Data excerpts:
☆ ☆ ☆ ☆
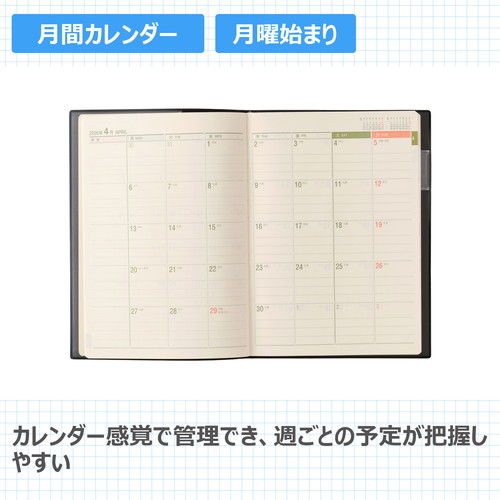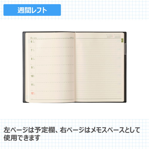 70年以上の歴史を誇る「能率手帳」の大判サイズメモページがノート1冊分以上あり、手帳とノートを一括管理したい人におすすめです。【月間ページ】見開き1ヶ月のベーシックなブロックタイプ(月曜始まり)。【週間ページ】見開き1週間で左ページに予定、右ページはメモスペースとして使えるレフトタイプ(月曜始まり)。
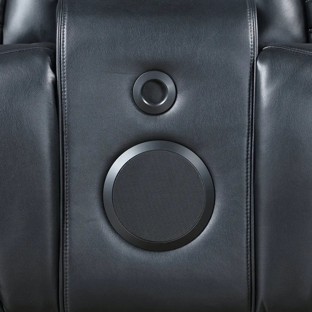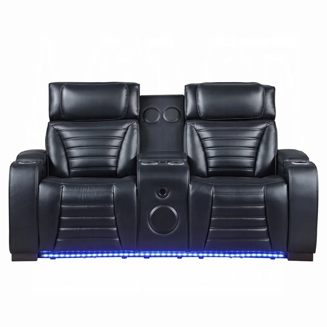 Upgrade your living room with this feature-packed recliner loveseat with console, designed for luxury relaxation and modern convenience. Upholstered in sleek Black Leather Aire and built with a durable wooden inner frame, this loveseat combines smooth power reclining with advanced tech features for the ultimate home theater experience.
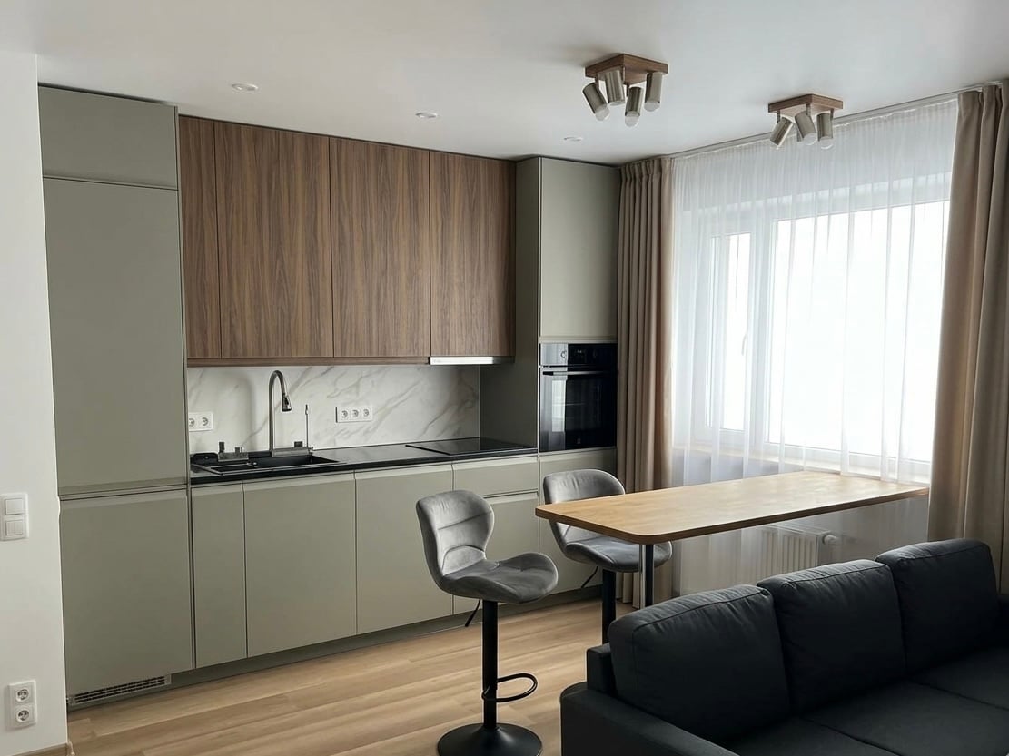 This lovely and spacious new-building apartment is in a downtown neighbourhood with a view towards the quiet historic Uue Maailma district. It features a living room with an open kitchen, a balcony, and a bedroom with a double bed. The sofas in the living room can be converted into a double or two single beds using comfortable mattresses stored in the hall.
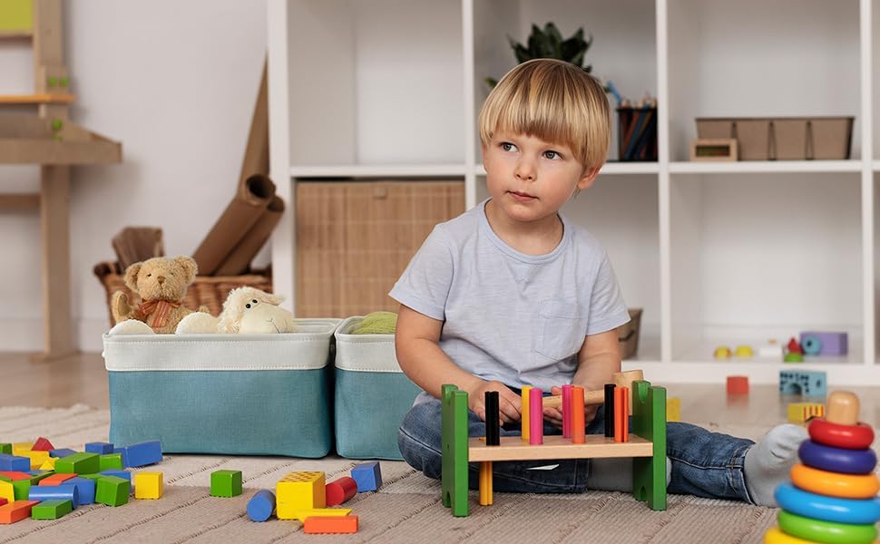 - STORAGE BIN & PROFESSIONALLY & PRACTICAL - 16Lx12Wx8H; TheWarmHome cube storage bins provide a solution to most needs: organizing and storing baby products,clothes,shoes,kid’s toys,pet products, toiletry storage, laundry,towel, blanket, bedsheet, sport gears, tissue,hats, scarves,socks,keys or other small items.can be used in bedroom, living room, study room,rest room,bathroom, kitchen,office,shelf, closet and cabinets.excellent choice for keeping your space nice, tidy and organized
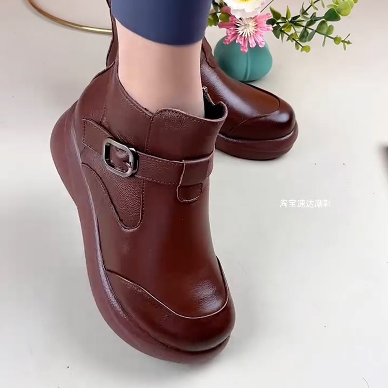 真皮短靴女2025秋冬新款牛皮圆头松糕厚底加绒女靴马丁靴妈妈鞋子
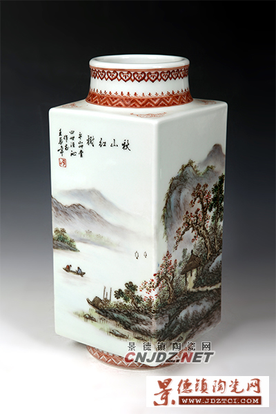 縱觀幾代“汪派山水”,不難發(fā)現(xiàn)“汪派山水”繼承了中國傳統(tǒng)文人畫中的品位。講究融詩、書、畫于一體,由作者本人書畫并題。作品意境深遠(yuǎn),色彩淡雅,以景傳情,具有強(qiáng)烈的感染力。因此能表現(xiàn)作者主觀思想志趣與審美觀念,突出個人的創(chuàng)作風(fēng)格與個性。也能體現(xiàn)作者的文化藝術(shù)修養(yǎng)和哲學(xué)思想。山水創(chuàng)作將國畫的皴、擦、暈、染等技法融入瓷畫創(chuàng)作,通過陶瓷這個載體表現(xiàn)個人思想情感和審美旨趣,這完全有別于傳統(tǒng)山水的勾線填色和富麗重彩,而顯得清雅脫俗,個性風(fēng)格突出,使作品有很高的文化內(nèi)涵和藝術(shù)價(jià)值,這是以往景德鎮(zhèn)的傳統(tǒng)彩繪藝人所不具有的。在造型藝術(shù)方面,適應(yīng)陶瓷花瓶等圓形器皿彎曲轉(zhuǎn)折的特點(diǎn),巧妙布局,別具匠心地始創(chuàng)難度很高的通景山水,使陶瓷作品在各個角度看都是完整的畫面,又可以連續(xù)轉(zhuǎn)動觀賞,將國畫山水長卷的神韻融入其中,而陶瓷造型特色,又使之具有首尾相連,循環(huán)往復(fù)的動態(tài)美。在設(shè)色方面,既不同于古彩的單調(diào)、刻板、艷俗,又比淺絳彩豐富,富于表現(xiàn)力。
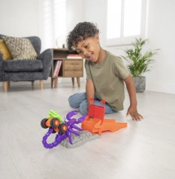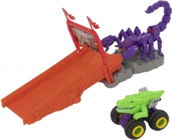 Setul include o rampă portocalie şi un obstacol violet în formă de scorpion, care asigură distracţie şi aventură de neegalat.
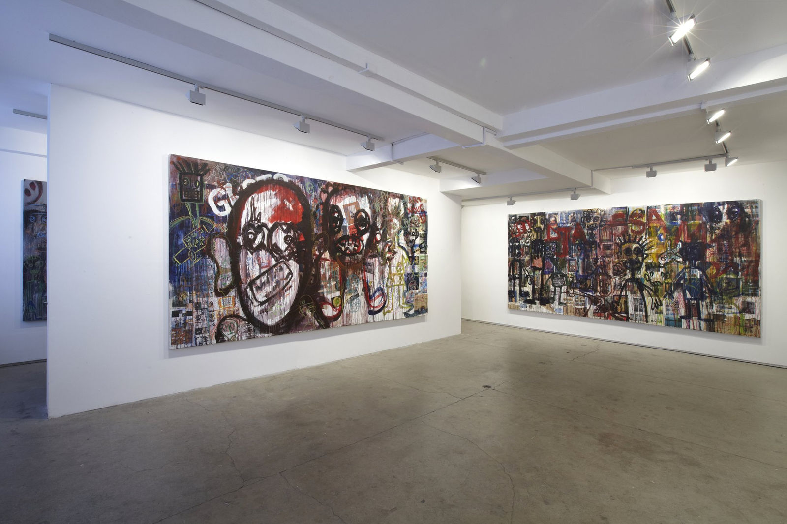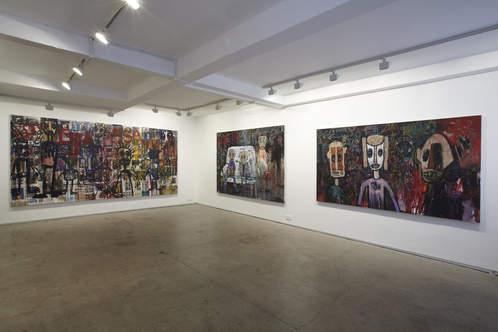 Aboudia is noted for his large-scale, heavily layered, brutally energetic paintings that combine an innocence and spontaneity with the portrayal of a dark interior world. Since 2011, his urban landscapes have been haunted by trauma; armed soldiers, ominous skulls and a populace hemmed in by violence and danger. This new series continues to grapple with the hardships of life on the streets and the social inequalities of downtown Abidjan. Often claustrophobic and oppressive, his painting achieves a careful balance between pathos and aggression. While the vitality of his style recalls Basquiat, the darker undercurrents and themes describe a battlefield straight out of Goya.
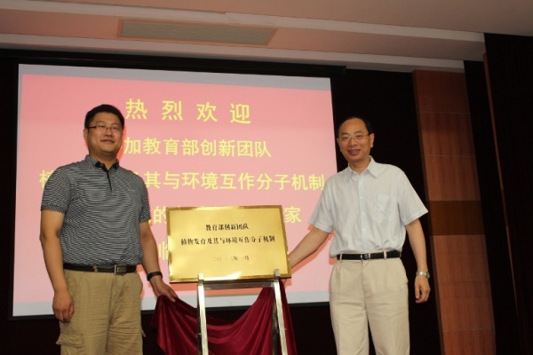 2013年7月14日,教育部创新团队发展计划“植物发育及其与环境互作分子机制”启动仪式在生命科学技术学院树华多功能厅举行。出席启动仪式的领导和专家有:教育部科技司综合处郑伟先生,上海市科委研发基地建设与管理处过浩敏处长、张露璐先生,上海交通大学副校长蔡威教授,中国科学院院士、上海交通大学生命科学技术学院院长邓子新教授,中国工程院院士、浙江省农科院陈剑平研究员,兰州大学副校长安黎哲教授,中国水稻所所长程式华研究员,天津科技大学校长王硕教授,上海交通大学科学技术发展研究院副院长关新平教授、冯雁教授,院长助理孙丽珍女士、重大专项办高立志主任,上海交通大学生命科学技术学院党委书记仰颐,上海交通大学农业与生物学院党委书记周培教授,上海交通大学生命科学技术学院副院长马小京教授,以及创新团队全体成员参加了启动仪式。启动仪式由关新平教授主持。
☆ ☆ ☆ ☆
Task objective: Above are some entries. Restate word for word the lines from the one holding "- STORAGE BIN" through the one holding "真皮短靴女2025秋冬新款牛皮圆头松糕厚底加绒女靴马丁靴妈妈鞋子", but not the pictures.

Output of the exercise:
 - STORAGE BIN & PROFESSIONALLY & PRACTICAL - 16Lx12Wx8H; TheWarmHome cube storage bins provide a solution to most needs: organizing and storing baby products,clothes,shoes,kid’s toys,pet products, toiletry storage, laundry,towel, blanket, bedsheet, sport gears, tissue,hats, scarves,socks,keys or other small items.can be used in bedroom, living room, study room,rest room,bathroom, kitchen,office,shelf, closet and cabinets.excellent choice for keeping your space nice, tidy and organized
 真皮短靴女2025秋冬新款牛皮圆头松糕厚底加绒女靴马丁靴妈妈鞋子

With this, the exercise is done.